For the several decades following publication of Saussure's book, his findings about the atmospheric source of plant carbon and the soil source for plant mineral nutrients were largely neglected, and little progress was made in further unraveling the chemical processes within plants. Then, Saussure's findings were re-discovered and revived by the eminent German chemist Justus von Liebig. In addition, field research by French agricultural chemist Jean-Baptiste Boussingault substantiated Saussure's conclusions on the importance of mineral nutrients that plants take up from the soil. Saussure's findings have had a significant impact on many disciplines, including chemistry, agriculture, agronomy, soil science, plant physiology, and plant nutrition. He is considered one of the pioneers of modern agriculture.

In addition to his studies in plant physiology, Nicolas-Théodore made important advances in the analysis of organic substances.
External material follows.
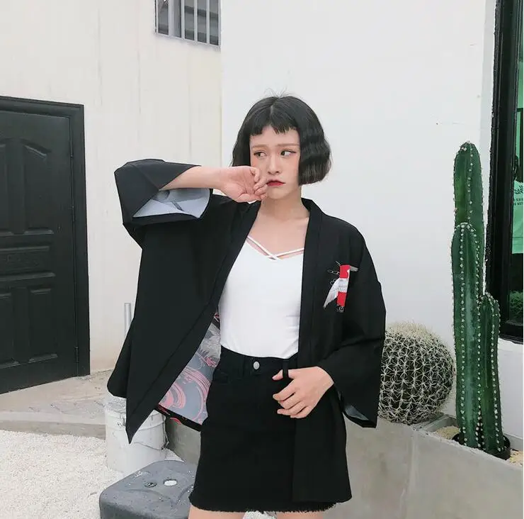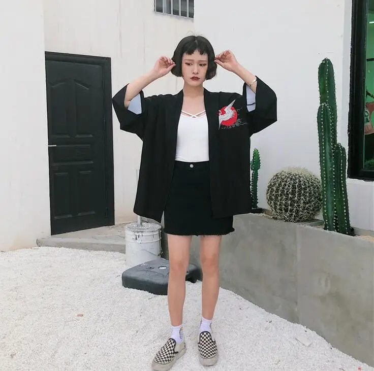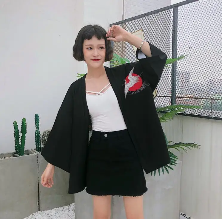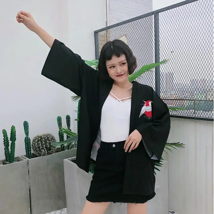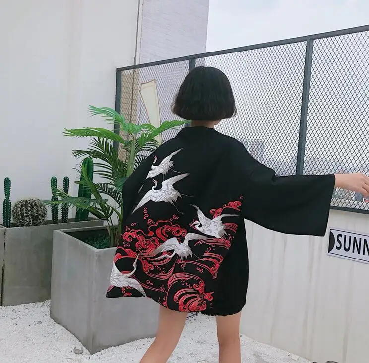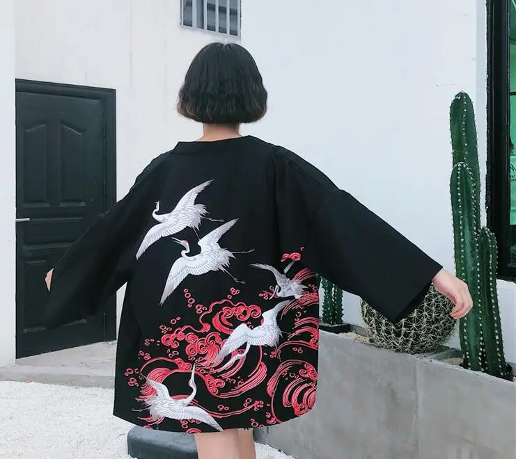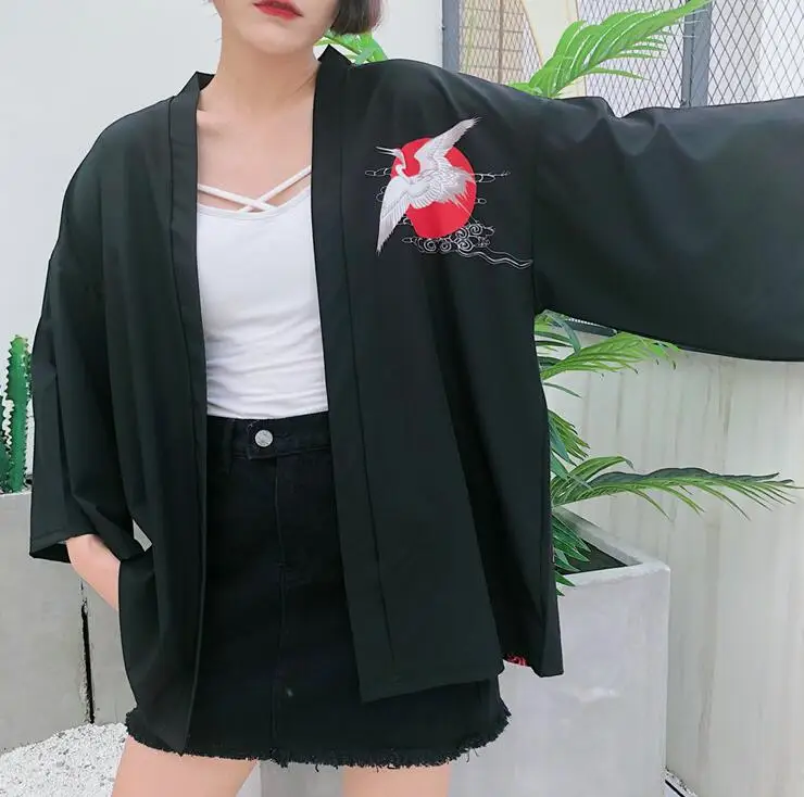 Harajuku bf wind loose crane printing kimono shirt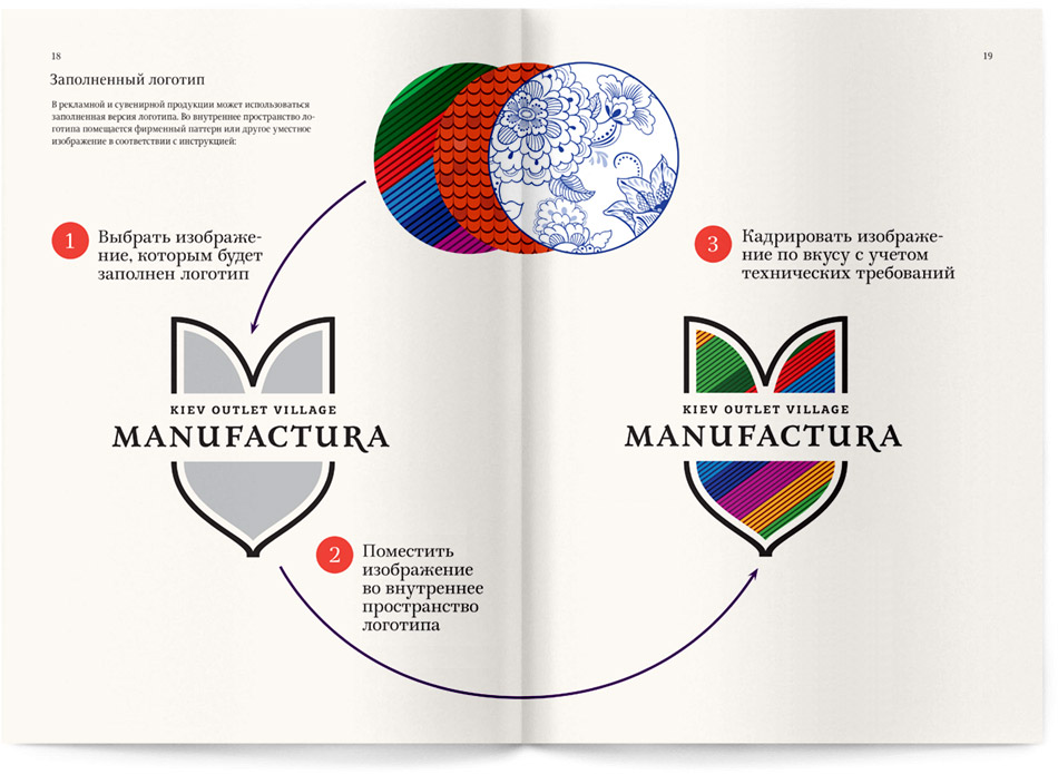 The Dutch theme is supported by corporate patterns which are used in the logo design or on their own. Two styles of the studio’s Mirta typeface are used as the corporate typeface of Manufactura. Rules for the use of the logo, the pattern and the face, as well as recommendations on creating advertising materials, signs and navigation boards are given in the brand book.

He determined the composition of alcohol and ether, and studied fermentation, the conversion of starches into sugars, and many other biochemical processes. In 1815 he was one of the founding members of Société Helvétique des Sciences Naturelles (Swiss Academy of Natural Sciences).

==Honours==

- 1808 Correspondent of the First Class of the French Institute.
- 1812 Member of the Royal Institute of the Netherlands.
- 1820 Fellow of the Royal Society of London
- 1820 Member of the Bavarian Academy of Sciences and Humanities.
- 1830 Foreign member of the Institute of Bologna.
- 1837 Plant genera Saussurea and Saussuria are named after him.
- 1842 Elected president of the Congrés Scientifique de Lyons.

==Works==
- Recherches chimiques sur la Végétation. Chez laV.e Nyon, Paris. (Reprinted in facsimile: 1957, Gauthier-Villars, Paris; and 2010, Nabu Press)
  - Three translations of Recherches chimiques sur la Végétation:
    - First German translation: Theodor von Saussure's chemische Untersuchungen über die Vegetation with commentary, by F.S. Voigt. Reclam, Leipzig 1805.
    - Second German translation: Chemische Untersuchungen über die Vegetation . Vols. 1&2. Engelmann, Leipzig 1890 Digital edition by the University and State Library Düsseldorf
    - English translation: Chemical Research on Plant Growth: A translation of Théodore de Saussure's Recherches chimiques sur la Végétation by Jane F. Hill, Springer Science+Business Media, New York, 2013. ISBN 978-1-4614-4136-6.